The default maximum `limit` is 100. Use `ParserConfig` for a resource-specific cap:

```rust
use restqs::{FieldCatalog, Parser, ParserConfig, ParserLimits};

let catalog = FieldCatalog::new().allow_text("status", "users.status") ?;
let limits = ParserLimits {
max_limit: 250,
..ParserLimits::default ()
};
let parser = Parser::with_config( & catalog, ParserConfig::with_limits(limits));
let query = parser.parse("limit=200") ?;

assert_eq!(query.pagination().limit(), Some(200));
# Ok::<(), restqs::RqsError>(())
```

Negative pagination values fail with `negative_pagination`. Non-numeric values fail with `invalid_pagination`.

## Regex

Regex is an opt-in capability. The field must allow regex values. The adapter must allow regex SQL generation.

```rust
use restqs::{Field, FieldCatalog, FilterOp, ValueKind, parse};

let email = Field::new("email", "users.email", ValueKind::Text) ?.allow_regex();
let catalog = FieldCatalog::new().allow(email) ?;
let query = parse("email=/@example.com$/i", & catalog) ?;

assert_eq!(query.filters()[0].op(), FilterOp::Regex);
# Ok::<(), restqs::RqsError>(())
```

Regex support differs across databases. Keep it off for public endpoints until the repository adapter has clear dialect
rules and cost limits.

## Error Codes

`RqsError::error_code()` gives stable strings for API responses and tests. The display text is safe for logs and public
responses. It names the failure class without echoing the raw query string.
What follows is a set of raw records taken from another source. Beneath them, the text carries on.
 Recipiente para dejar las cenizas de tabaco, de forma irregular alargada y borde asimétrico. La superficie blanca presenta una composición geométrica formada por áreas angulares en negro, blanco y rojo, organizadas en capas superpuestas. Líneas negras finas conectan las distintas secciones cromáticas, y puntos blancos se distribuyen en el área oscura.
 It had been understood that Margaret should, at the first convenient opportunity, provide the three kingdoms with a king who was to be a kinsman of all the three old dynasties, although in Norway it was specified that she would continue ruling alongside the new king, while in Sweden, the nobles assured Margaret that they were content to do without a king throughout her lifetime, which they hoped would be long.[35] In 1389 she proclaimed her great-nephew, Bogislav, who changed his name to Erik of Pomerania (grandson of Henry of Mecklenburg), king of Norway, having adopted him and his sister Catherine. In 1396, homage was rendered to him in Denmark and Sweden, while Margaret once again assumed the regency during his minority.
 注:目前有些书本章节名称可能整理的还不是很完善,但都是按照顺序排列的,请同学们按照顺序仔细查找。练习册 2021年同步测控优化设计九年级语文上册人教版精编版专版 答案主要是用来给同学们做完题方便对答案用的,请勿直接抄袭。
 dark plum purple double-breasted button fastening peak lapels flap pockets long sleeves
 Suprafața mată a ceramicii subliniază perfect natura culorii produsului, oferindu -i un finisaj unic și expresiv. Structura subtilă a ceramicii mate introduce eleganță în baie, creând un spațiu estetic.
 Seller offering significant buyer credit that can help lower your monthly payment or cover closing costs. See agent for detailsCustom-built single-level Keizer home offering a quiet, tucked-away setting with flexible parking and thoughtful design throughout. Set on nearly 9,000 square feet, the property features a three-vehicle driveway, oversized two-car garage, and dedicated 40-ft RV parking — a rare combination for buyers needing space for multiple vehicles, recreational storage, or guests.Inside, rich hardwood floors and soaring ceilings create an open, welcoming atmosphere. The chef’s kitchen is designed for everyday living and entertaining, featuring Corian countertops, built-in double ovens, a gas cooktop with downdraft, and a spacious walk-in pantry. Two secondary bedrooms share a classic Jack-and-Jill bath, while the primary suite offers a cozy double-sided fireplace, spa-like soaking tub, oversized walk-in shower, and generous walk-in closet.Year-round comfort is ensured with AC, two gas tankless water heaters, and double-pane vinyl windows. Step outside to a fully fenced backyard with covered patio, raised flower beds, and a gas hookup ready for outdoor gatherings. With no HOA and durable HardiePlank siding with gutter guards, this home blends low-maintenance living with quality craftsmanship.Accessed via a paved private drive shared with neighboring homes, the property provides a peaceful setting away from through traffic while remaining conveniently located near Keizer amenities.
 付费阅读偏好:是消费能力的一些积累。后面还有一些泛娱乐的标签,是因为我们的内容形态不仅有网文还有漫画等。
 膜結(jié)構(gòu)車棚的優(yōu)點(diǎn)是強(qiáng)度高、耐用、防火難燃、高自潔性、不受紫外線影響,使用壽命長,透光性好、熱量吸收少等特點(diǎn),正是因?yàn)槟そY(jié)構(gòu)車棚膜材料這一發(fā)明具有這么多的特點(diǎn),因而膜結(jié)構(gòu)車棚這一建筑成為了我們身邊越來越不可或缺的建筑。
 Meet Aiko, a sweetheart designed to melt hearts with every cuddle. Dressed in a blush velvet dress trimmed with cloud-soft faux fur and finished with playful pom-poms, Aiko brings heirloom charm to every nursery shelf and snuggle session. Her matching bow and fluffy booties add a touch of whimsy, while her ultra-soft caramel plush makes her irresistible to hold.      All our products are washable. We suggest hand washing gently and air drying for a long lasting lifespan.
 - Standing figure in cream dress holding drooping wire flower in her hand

| Code                      | Meaning                                         |
|---------------------------|-------------------------------------------------|
| `invalid_field_name`      | Field syntax was empty or invalid               |
| `unknown_field`           | Public field was not in the catalog             |
| `invalid_value`           | Value did not match the catalog type            |
| `regex_disabled`          | Regex was used on a field that did not allow it |
| `text_search_unsupported` | `$text=` was requested                          |
| `duplicate_filter`        | Same field and operator appeared twice          |
| `limit_too_large`         | Requested `limit` exceeded parser config        |
| `too_many_parameters`     | Query had more parameters than allowed          |
| `too_many_list_items`     | List had more items than allowed                |

Services can map these codes to HTTP 400 responses. Authorization failures belong in application code, not in RestQS.